### Exercise description
An exact transcription of all the data is required; the pictures are to be left out.

### Data
>>
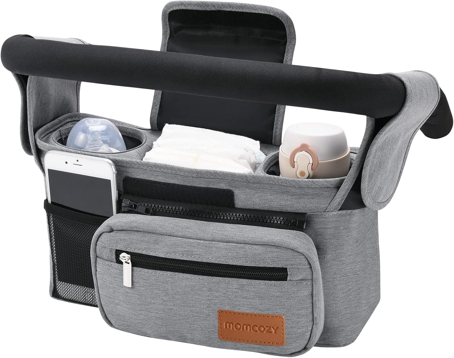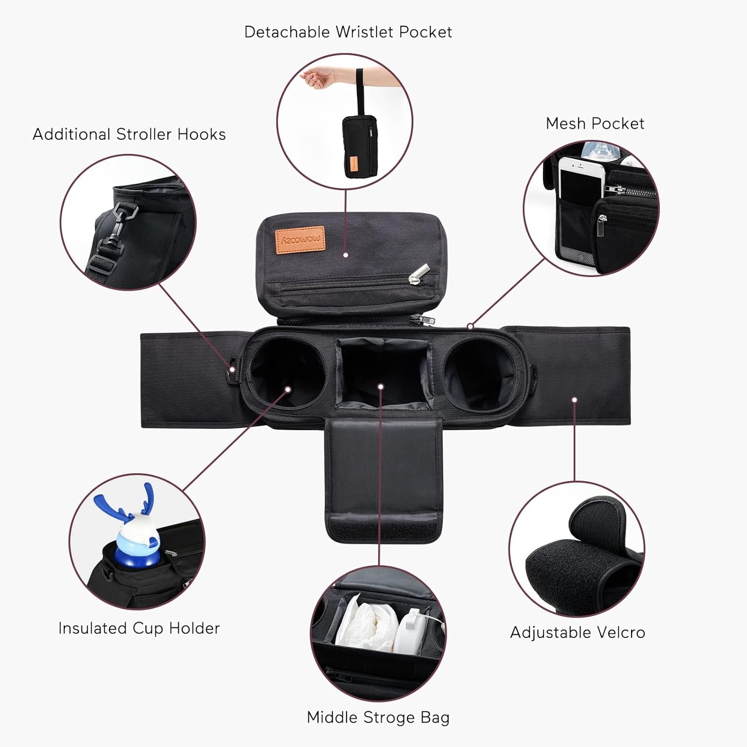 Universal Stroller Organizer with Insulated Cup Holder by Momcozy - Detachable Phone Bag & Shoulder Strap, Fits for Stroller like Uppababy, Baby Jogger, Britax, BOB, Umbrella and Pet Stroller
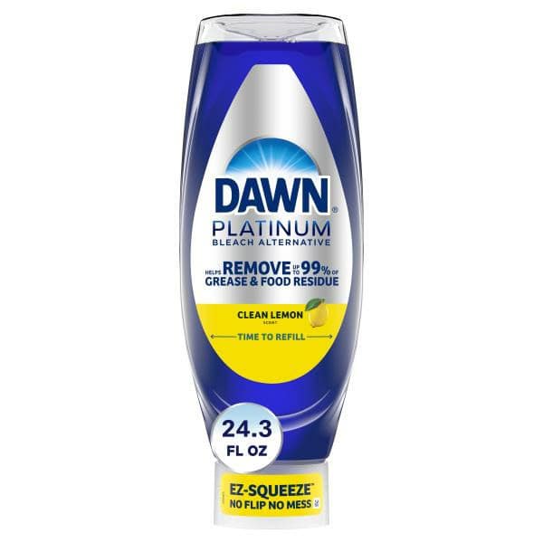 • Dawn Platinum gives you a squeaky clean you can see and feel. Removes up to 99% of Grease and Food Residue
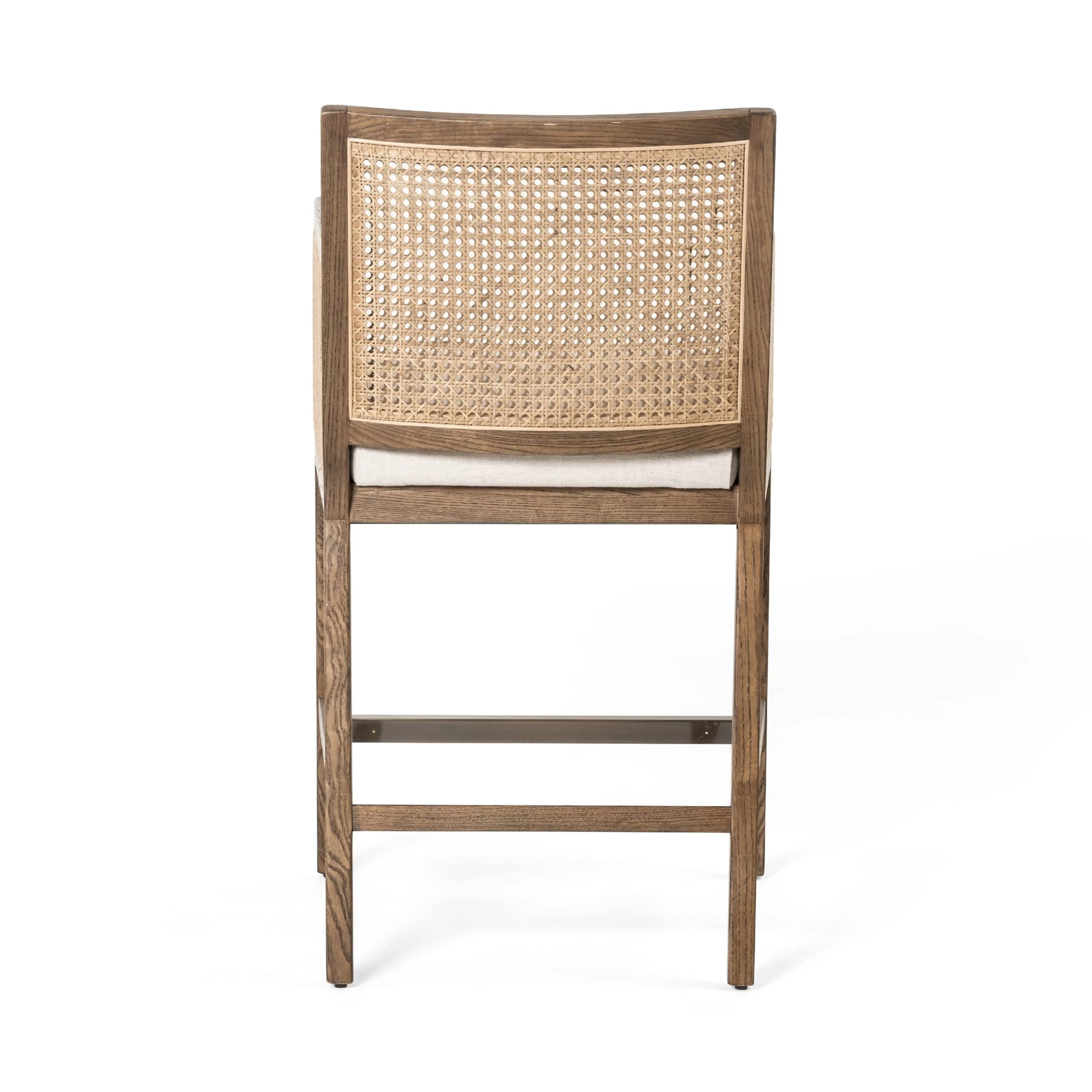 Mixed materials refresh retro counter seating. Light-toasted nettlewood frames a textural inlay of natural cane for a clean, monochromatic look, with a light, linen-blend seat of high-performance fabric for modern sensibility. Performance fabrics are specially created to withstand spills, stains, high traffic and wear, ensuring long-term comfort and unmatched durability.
<<
### Your response
 Universal Stroller Organizer with Insulated Cup Holder by Momcozy - Detachable Phone Bag & Shoulder Strap, Fits for Stroller like Uppababy, Baby Jogger, Britax, BOB, Umbrella and Pet Stroller
 • Dawn Platinum gives you a squeaky clean you can see and feel. Removes up to 99% of Grease and Food Residue
 Mixed materials refresh retro counter seating. Light-toasted nettlewood frames a textural inlay of natural cane for a clean, monochromatic look, with a light, linen-blend seat of high-performance fabric for modern sensibility. Performance fabrics are specially created to withstand spills, stains, high traffic and wear, ensuring long-term comfort and unmatched durability.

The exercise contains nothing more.